§ **Work task**
Among the records that follow, find the line with "由于指针造型奇特,这个钟在不" and the line with "sweetest angel |". Set down those lines and all lines between them exactly, without adding anything.

§ **Provided entries**

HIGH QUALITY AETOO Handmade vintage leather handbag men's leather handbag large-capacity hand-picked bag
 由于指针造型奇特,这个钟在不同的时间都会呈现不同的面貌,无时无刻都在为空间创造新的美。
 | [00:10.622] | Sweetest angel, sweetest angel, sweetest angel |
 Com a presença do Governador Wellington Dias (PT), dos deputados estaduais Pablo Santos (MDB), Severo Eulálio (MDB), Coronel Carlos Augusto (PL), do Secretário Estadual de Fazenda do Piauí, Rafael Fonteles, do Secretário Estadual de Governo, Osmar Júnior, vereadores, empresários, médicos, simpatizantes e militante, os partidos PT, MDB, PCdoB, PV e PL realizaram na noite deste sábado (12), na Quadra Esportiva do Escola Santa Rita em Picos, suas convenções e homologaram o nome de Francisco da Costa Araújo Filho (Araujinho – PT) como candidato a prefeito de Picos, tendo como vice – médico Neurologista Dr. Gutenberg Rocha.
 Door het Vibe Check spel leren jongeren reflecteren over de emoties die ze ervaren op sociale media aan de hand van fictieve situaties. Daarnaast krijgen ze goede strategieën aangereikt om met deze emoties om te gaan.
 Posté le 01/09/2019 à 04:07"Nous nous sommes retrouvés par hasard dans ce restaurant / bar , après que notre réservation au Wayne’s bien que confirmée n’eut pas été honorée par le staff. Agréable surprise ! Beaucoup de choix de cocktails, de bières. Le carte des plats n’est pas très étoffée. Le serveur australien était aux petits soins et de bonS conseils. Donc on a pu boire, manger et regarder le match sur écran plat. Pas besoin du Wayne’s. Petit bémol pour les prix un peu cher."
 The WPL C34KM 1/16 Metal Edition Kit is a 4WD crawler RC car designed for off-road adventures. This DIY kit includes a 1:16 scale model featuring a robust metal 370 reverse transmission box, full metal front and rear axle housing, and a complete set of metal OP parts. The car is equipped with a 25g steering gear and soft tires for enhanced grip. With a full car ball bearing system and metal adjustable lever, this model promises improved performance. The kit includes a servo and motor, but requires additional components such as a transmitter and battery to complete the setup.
...
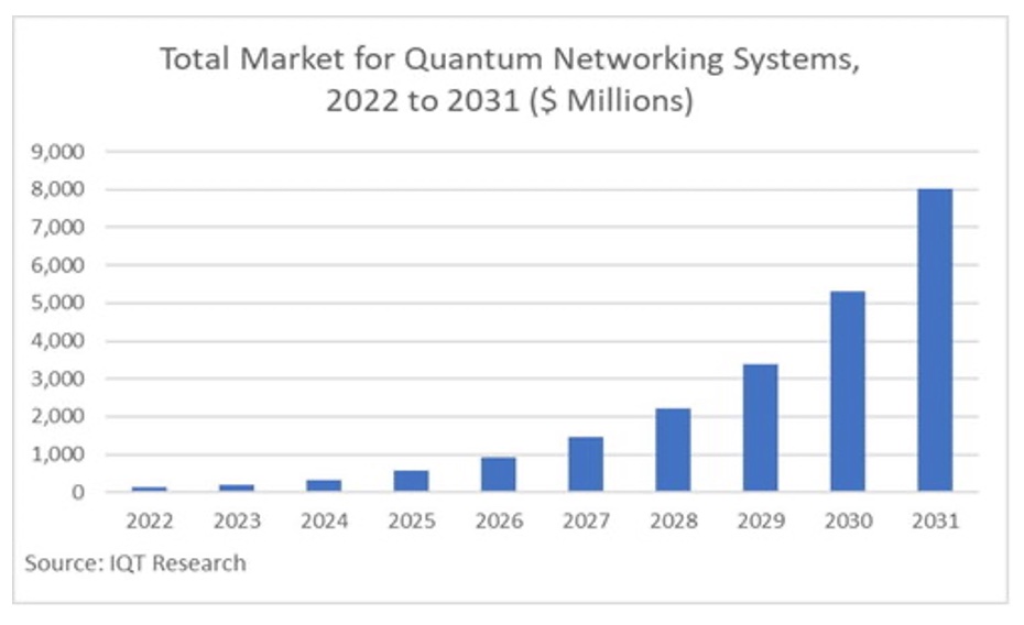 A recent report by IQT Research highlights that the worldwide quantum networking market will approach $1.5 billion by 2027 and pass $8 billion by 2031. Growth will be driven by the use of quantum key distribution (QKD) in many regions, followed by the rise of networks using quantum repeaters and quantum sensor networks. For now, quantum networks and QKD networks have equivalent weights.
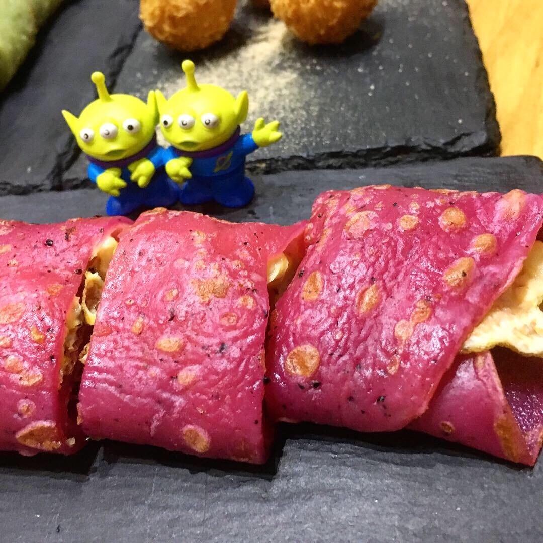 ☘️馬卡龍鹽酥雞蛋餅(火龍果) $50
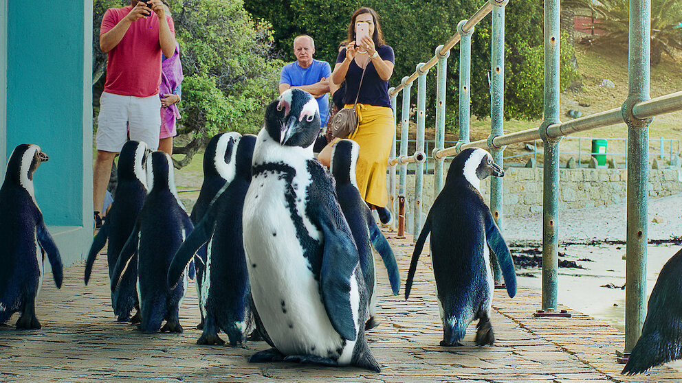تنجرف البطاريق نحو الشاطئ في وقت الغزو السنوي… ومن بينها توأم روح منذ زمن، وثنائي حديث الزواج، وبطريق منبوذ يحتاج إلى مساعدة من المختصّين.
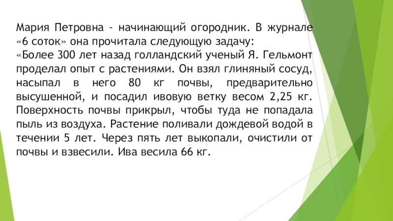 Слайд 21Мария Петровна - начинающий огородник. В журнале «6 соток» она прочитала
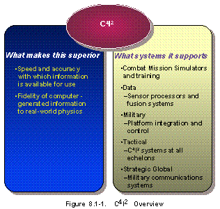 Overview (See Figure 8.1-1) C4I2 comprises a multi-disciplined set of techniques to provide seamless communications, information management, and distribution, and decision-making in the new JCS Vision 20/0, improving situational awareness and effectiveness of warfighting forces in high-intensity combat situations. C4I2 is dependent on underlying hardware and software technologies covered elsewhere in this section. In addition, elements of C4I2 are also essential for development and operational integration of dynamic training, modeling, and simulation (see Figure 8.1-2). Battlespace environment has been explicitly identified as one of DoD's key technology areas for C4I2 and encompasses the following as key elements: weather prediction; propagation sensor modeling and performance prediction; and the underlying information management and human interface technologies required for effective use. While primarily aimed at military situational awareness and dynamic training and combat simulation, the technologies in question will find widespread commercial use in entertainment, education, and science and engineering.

§ **Exercise response**
 由于指针造型奇特,这个钟在不同的时间都会呈现不同的面貌,无时无刻都在为空间创造新的美。
 | [00:10.622] | Sweetest angel, sweetest angel, sweetest angel |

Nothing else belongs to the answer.